What needs to be done » Return the data word for word. Pictures are to be omitted.
━━ Given records
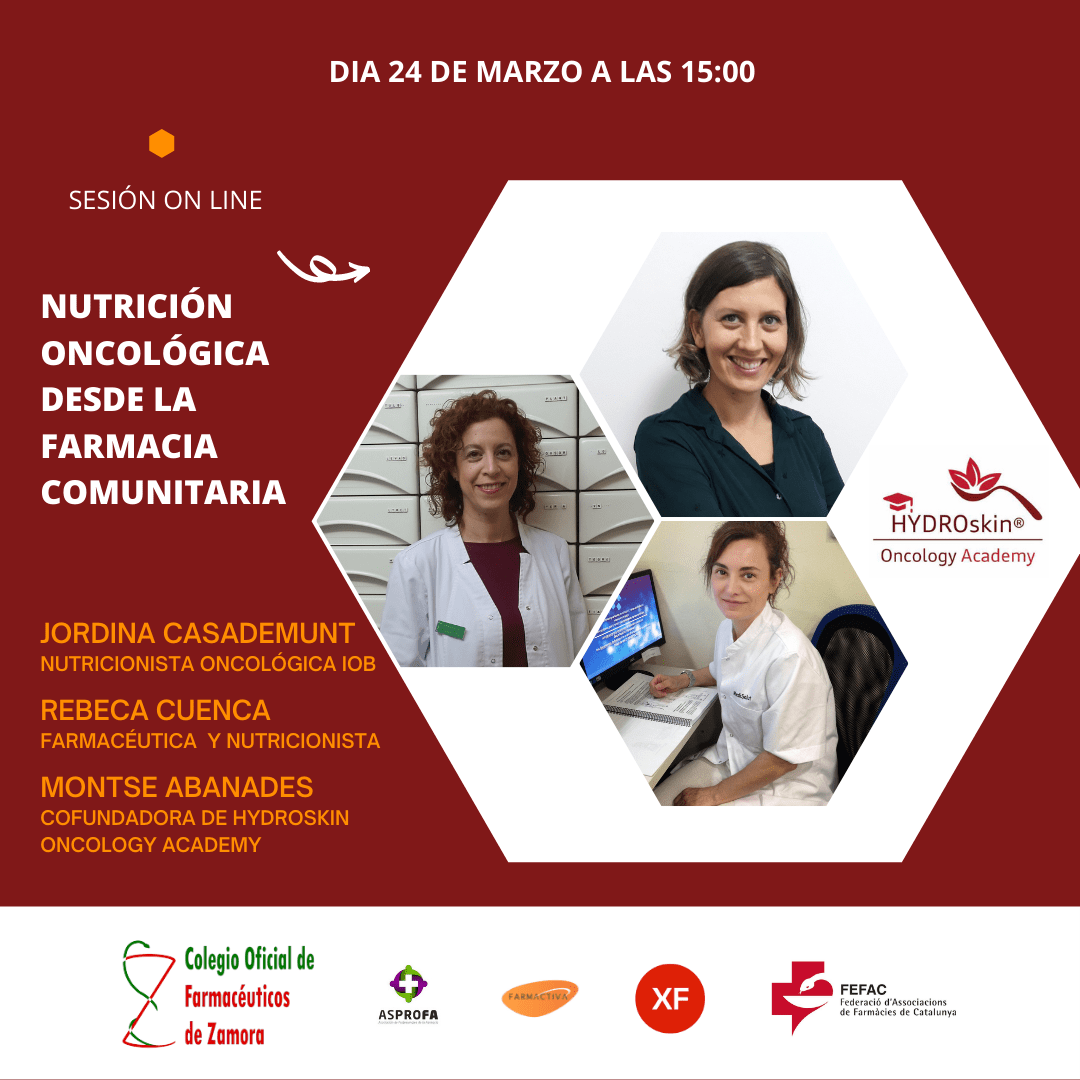 En aquesta sessió sobre nutrició oncològica participa Jordina Casademunt, nutricionista oncològica de l’IOB; Rebeca Cuenca, farmacèutica i nutricionista; i Montse Abanades, cofundadora d’Hydroskin Oncology Academy.
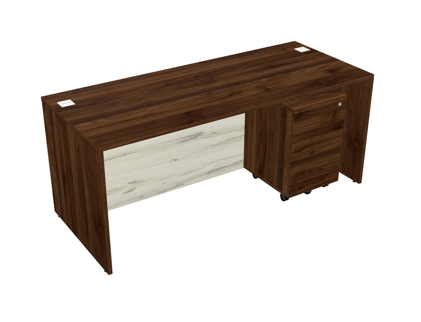 Bureau Rectangulaire En Noyer Columbia Avec Tiroirs Mobiles En Bois
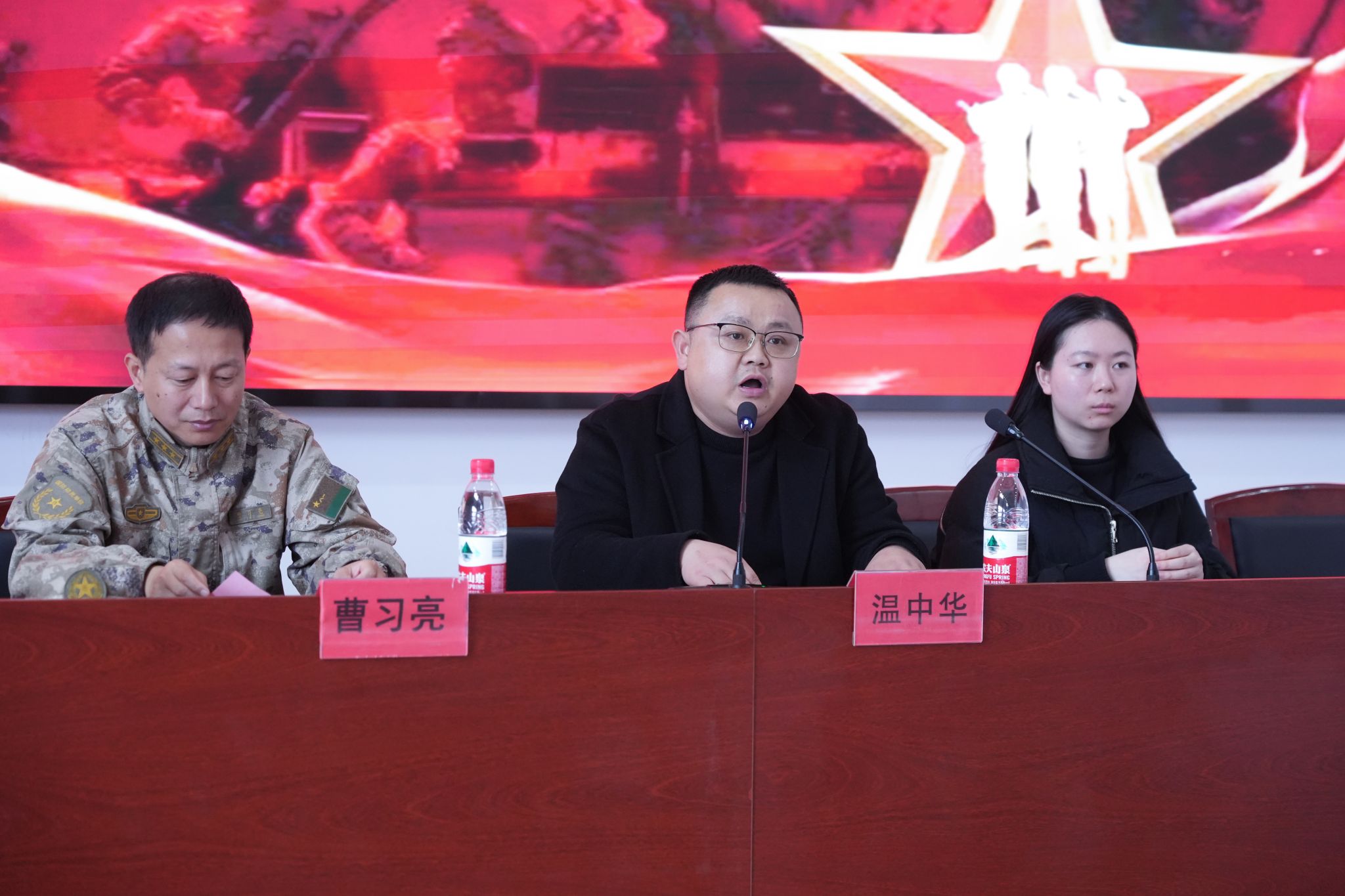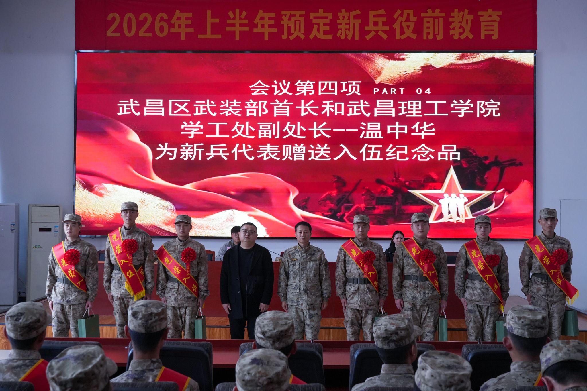 随后,区人武部上校政委曹习亮和学校学工处领导共同为新兵代表赠送入伍纪念品,这份纪念品承载着武昌理工学院与武昌区武装部对新兵的深切期盼,激励他们建功立业。新兵们接过纪念品,脸上流露出自豪,眼神里透着奔赴疆场的坚定。
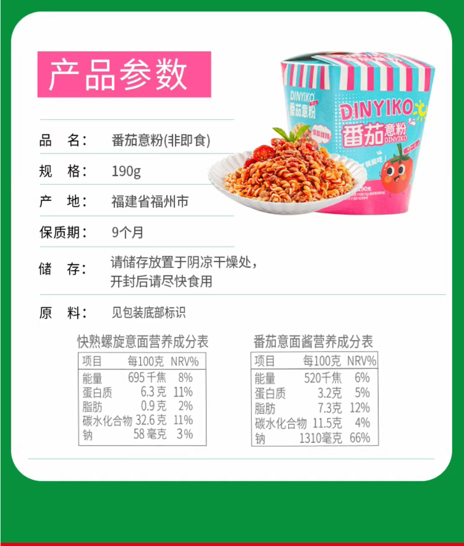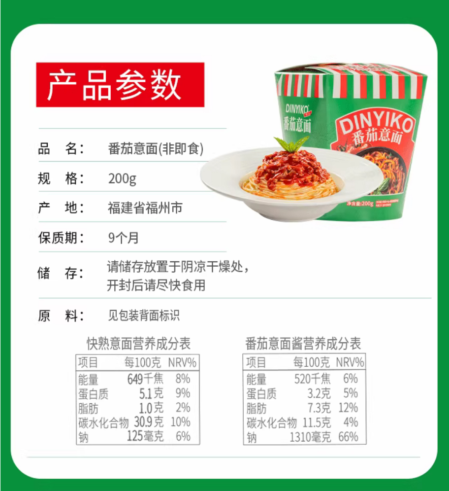 【品名】叮一口番茄意面番茄酱肉酱味道随机3盒 200克每盒
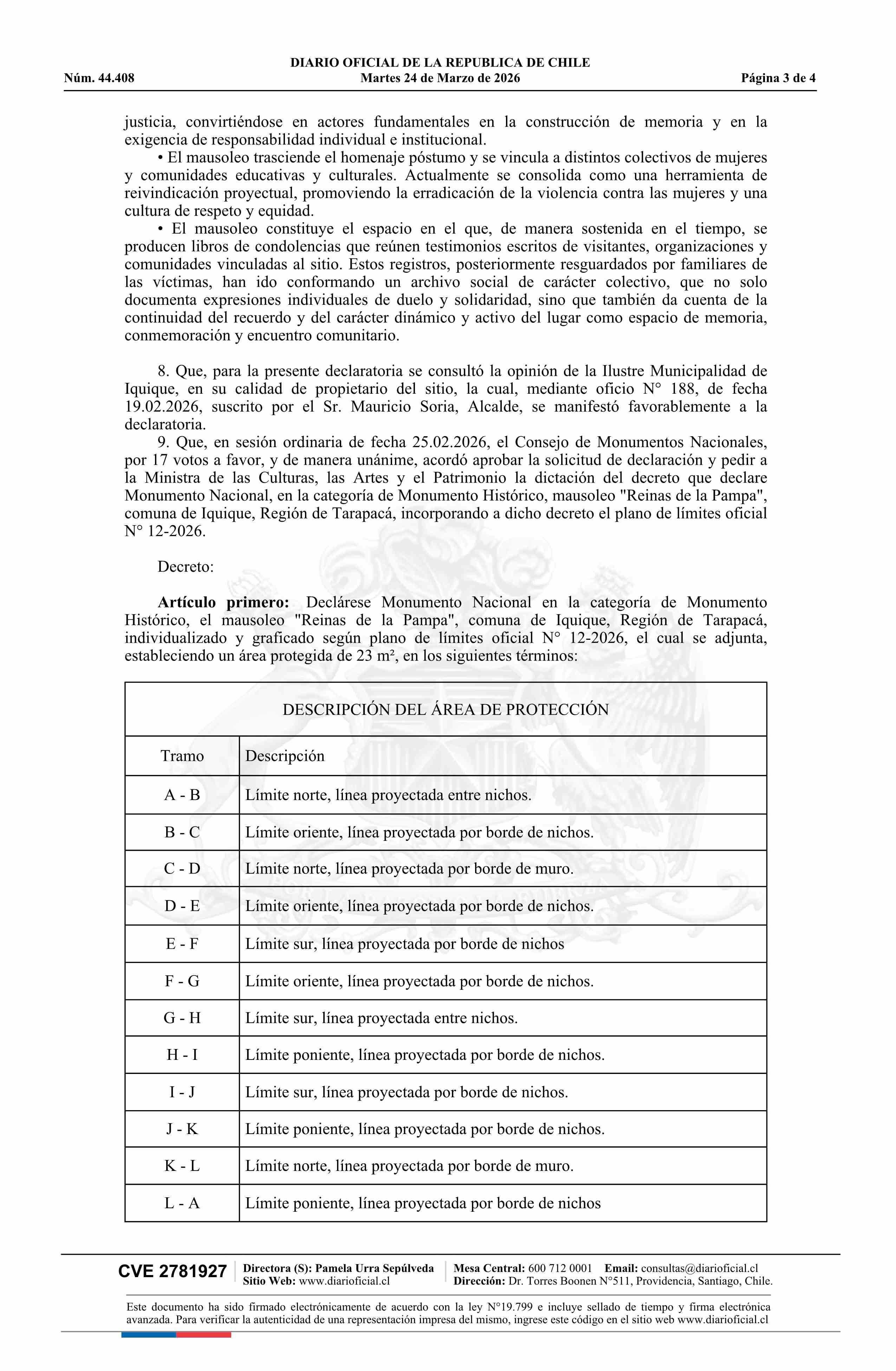 | Título: | Decreto exento número 48, de 2026.- Declara Monumento Nacional, en la categoría de Monumento Histórico, el mausoleo Reinas de la Pampa, comuna de Iquique, Región de Tarapacá |
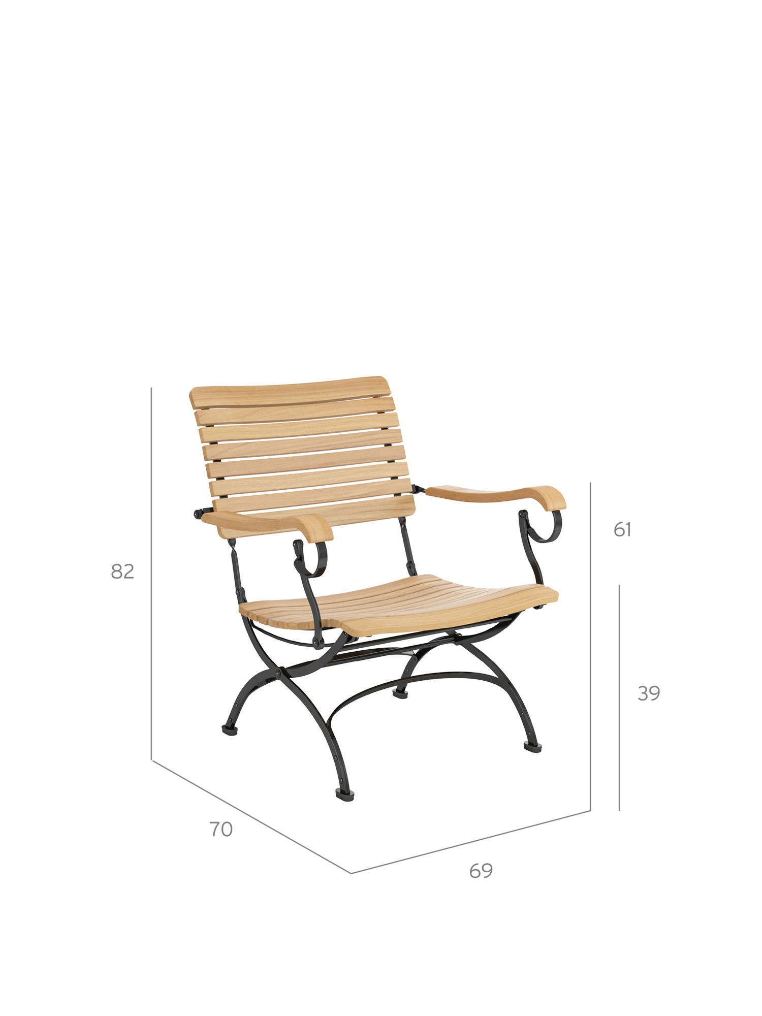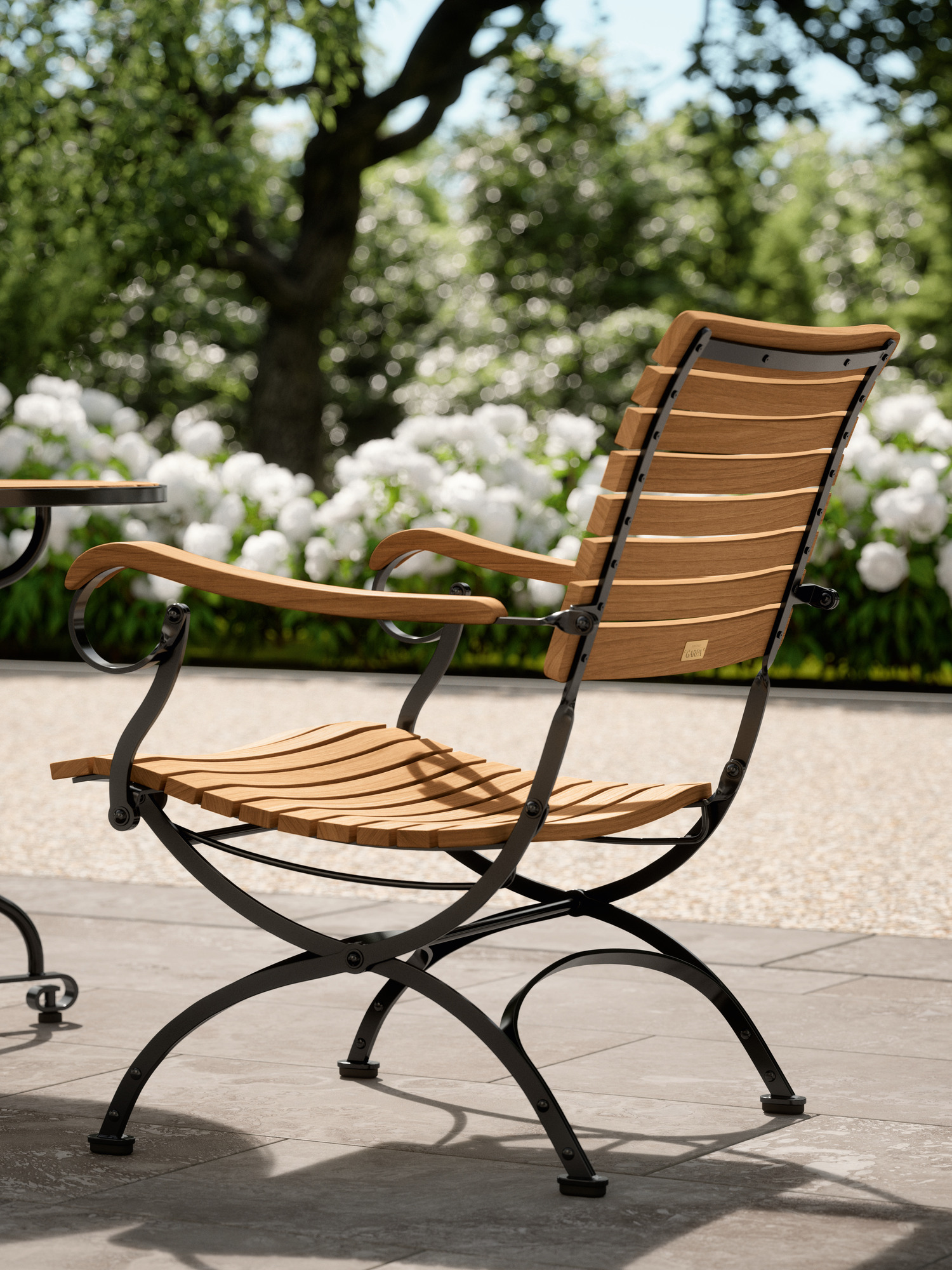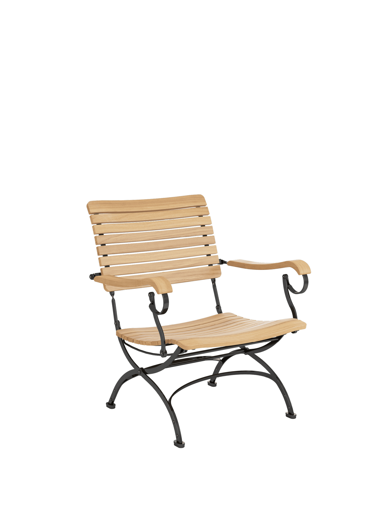 Avec un espace nettement plus généreux entre ses accoudoirs, ce classique repliable en lattes de teck et acier thermolaqué révèle des qualités exceptionnelles de meuble de salon. Véritable caresse pour les mains, les accoudoirs en teck de culture délestent le corps. La grande surface d'assise de ce fauteuil de jardin en teck possède une structure tridimensionnelle, de sorte qu'elle épouse agréablement les formes du corps. Le bord de l’assise est délicatement arrondi pour mieux soutenir les jambes. Des garnitures de différentes teintes augmentent encore le confort des meubles tout en leur apportant une touche de raffinement.
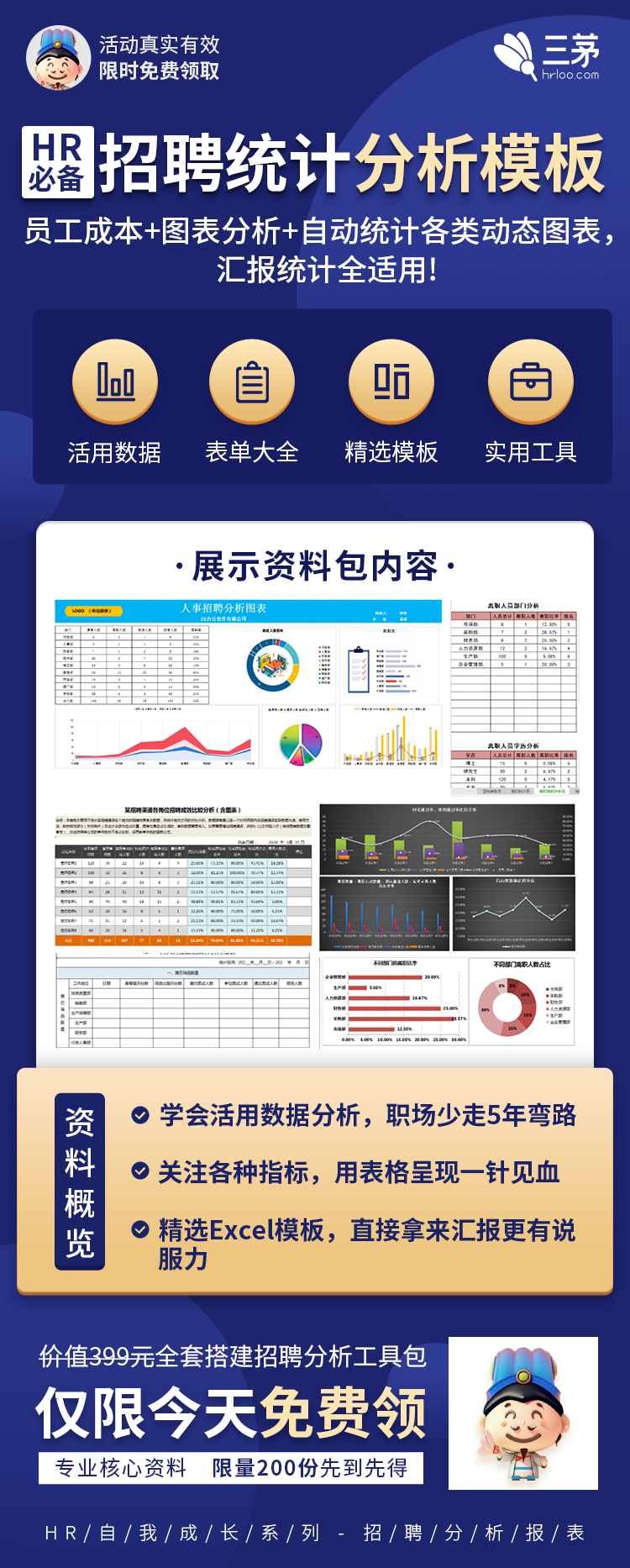 HR必备招聘统计分析模板(员工成本+图表分析+自动统计各类动态图表...
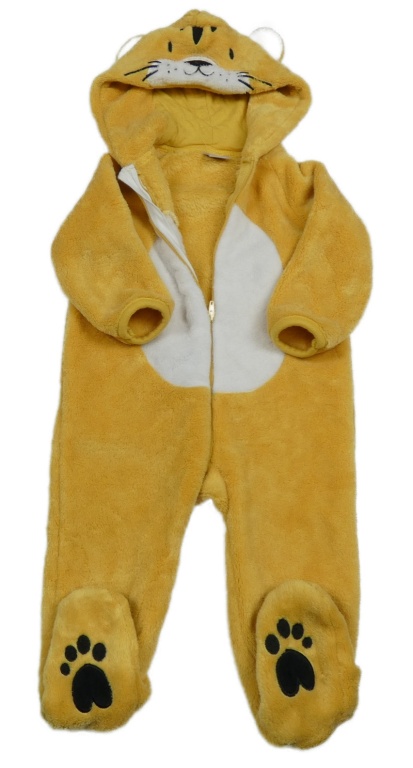 Žluto-bílá chlupatá kombinéza s kapucí- tygr
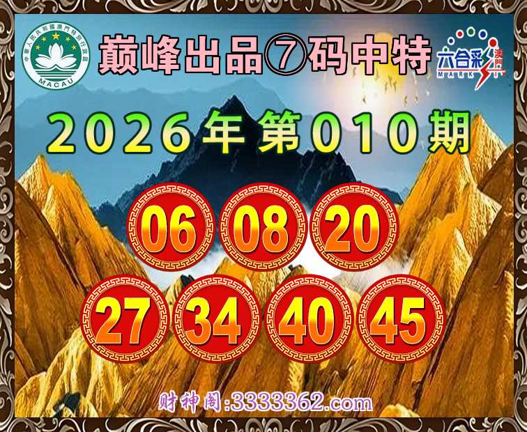 010期:〖巅峰出品〗⑦码中特⚽【06.08.20.27.34.40.45】开:27
━━━━
Reply »
 En aquesta sessió sobre nutrició oncològica participa Jordina Casademunt, nutricionista oncològica de l’IOB; Rebeca Cuenca, farmacèutica i nutricionista; i Montse Abanades, cofundadora d’Hydroskin Oncology Academy.
 Bureau Rectangulaire En Noyer Columbia Avec Tiroirs Mobiles En Bois
 随后,区人武部上校政委曹习亮和学校学工处领导共同为新兵代表赠送入伍纪念品,这份纪念品承载着武昌理工学院与武昌区武装部对新兵的深切期盼,激励他们建功立业。新兵们接过纪念品,脸上流露出自豪,眼神里透着奔赴疆场的坚定。
 【品名】叮一口番茄意面番茄酱肉酱味道随机3盒 200克每盒
 | Título: | Decreto exento número 48, de 2026.- Declara Monumento Nacional, en la categoría de Monumento Histórico, el mausoleo Reinas de la Pampa, comuna de Iquique, Región de Tarapacá |
 Avec un espace nettement plus généreux entre ses accoudoirs, ce classique repliable en lattes de teck et acier thermolaqué révèle des qualités exceptionnelles de meuble de salon. Véritable caresse pour les mains, les accoudoirs en teck de culture délestent le corps. La grande surface d'assise de ce fauteuil de jardin en teck possède une structure tridimensionnelle, de sorte qu'elle épouse agréablement les formes du corps. Le bord de l’assise est délicatement arrondi pour mieux soutenir les jambes. Des garnitures de différentes teintes augmentent encore le confort des meubles tout en leur apportant une touche de raffinement.
 HR必备招聘统计分析模板(员工成本+图表分析+自动统计各类动态图表...
 Žluto-bílá chlupatá kombinéza s kapucí- tygr
 010期:〖巅峰出品〗⑦码中特⚽【06.08.20.27.34.40.45】开:27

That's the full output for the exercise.